RE: [ccp4bb]: modeling inhibitor in groove
- From: "Teran Castañon, Hugo Gutierrez de"
<hteran_at_IMIM.ES>
- Subject: RE: [ccp4bb]: modeling inhibitor in groove
- Date: Tue, 22 Jul 2003 17:24:03 +0200
Hi Peter,
You can overlay the proposed inhibitor to the crystallographic inhibitor on
the basis of molecular electrostatic potential (MEP) or GRID generated
molecular interaction fields (MIF) with the software MIPSIM
(http://www1.imim.es/modeling/mipsim/index.html). With the
best
superposition choosen, you can simply replace one inhibitor with the other
one and carry on your simmulations.
Good luck,
Hugo
-----Original Message-----
From: Peter Zwart
To: Pedro Antonio Reche
Cc: ccp4bb_at_dl.ac.uk; chemistry_at_ccl.net
Sent: 21/07/2003 3:14
Subject: CCL:[ccp4bb]: modeling inhibitor in groove
>
> Hi, I have a PDB of a kinase in complex with a inhibitor, and I would
> like to replace that inhibitor with a related compound. I have
> already generated a PDB file for this compound but I do not I have
> to proceed, and thereby any input about the software (better if unix
> open source), and strategy to replace the original inhibitor with
> this related compound will be greatly appreciated. Also, does anyone
> know of a software to overlay 3D structures of small molecules? I am
> thinking that overlaying the derivative compound with the inhibitor
> in the 3D structure of the kinase would be a possibility, but what
> software to use?!
> Anyway, any idea, or suggestion about best way to solve this problem
> will be greatly appreciated.
> Cheers
You could give MOLREP a try, the manual says:
------------------------------------------------------------------------
-----------------------------------------
Fitting two models (FM)
<http://www.yorvic.york.ac.uk/%7Ealexei/molrep.html#FM>
The idea is to fit the electron densities instead of the atomic models,
trying to find the best overlap.

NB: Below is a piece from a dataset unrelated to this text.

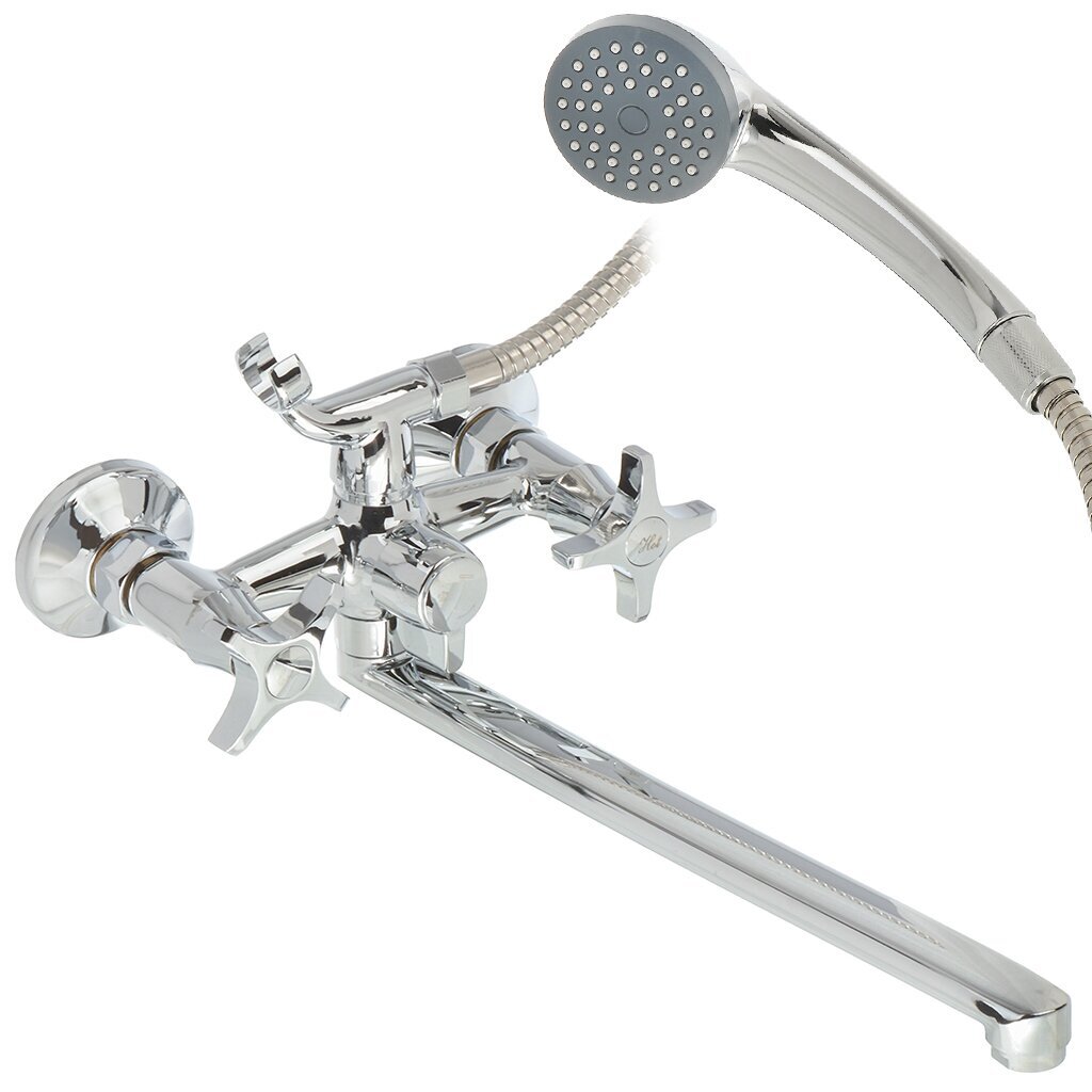 Смеситель для ванны Aqwin A22312 — долговечный хромированный корпус, плавное управление и душевой комплект для комфортного водоснабжения дома и на даче.
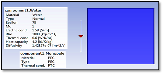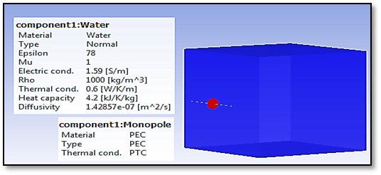 The half-wave dipole antenna has been designed at a resonant frequency 2.45GHz. The proposed design parameters of the half-wave dipole antenna have been simulated by using the CST Microwave Studio 2019 software. The design of the dipole antenna used in this study is as shown in Figure 1. The summary of the dipole antenna dimension designed in this study can be referred in Table 1. In order to design a hyperthermia applicator simulation model, the design dipole antenna of this research needs to be extended by adding a water bolus model in the simulation design. The aims of the simulation which is using the water bolus model as a material in the simulation techniques is to measure the SAR in the water bolus model. By this simulation, the heating value of the design antenna as hyperthermia applicator can be determined. The time exposure of the applicator could also be estimated based on this simulation. The design hyperthermia applicator model in this research is as shown in Figure 2 & Figure 3. In this research, the half-wave dipole antenna as hyperthermia applicator simulation model is designed by using the perfect electric conductor (PEC) and a water bolus model in cubic shape. The dimension of the normal water bolus model is 100mm x 100mm x 100mm for thick, high and width respectively. The epsilon value (permittivity) of the water is 78. The dynamic viscosity of the water bolus model is 1. Besides, it can be seen in Figure 3 that the electric conductivity of the water bolus model is 1.59S/m. The density of the normal water is 1000 kg/m3 while the thermal conductivity is 0.6 W/K/m. Furthermore, the heat capacity of the water bolus model is 4.2 kJ/k/kg while the diffusivity of the model is 0.000000142857m2/s.

Advantages are:
* can be used for cases with very low homology;
* can be used when amino acid sequence is absent;
* no need to use the list of equivalent atoms.
If you define only two files of models (searching model and model_2),
without a file of structure factors (Fobs), the program will fit the
search model (keyword FILE_M
<http://www.yorvic.york.ac.uk/%7Ealexei/molrep.html#file_m>)
to the
second model (keyword MODEL_2
<http://www.yorvic.york.ac.uk/%7Ealexei/molrep.html#model_2>).
The
search model must be smaller or equal to the second model.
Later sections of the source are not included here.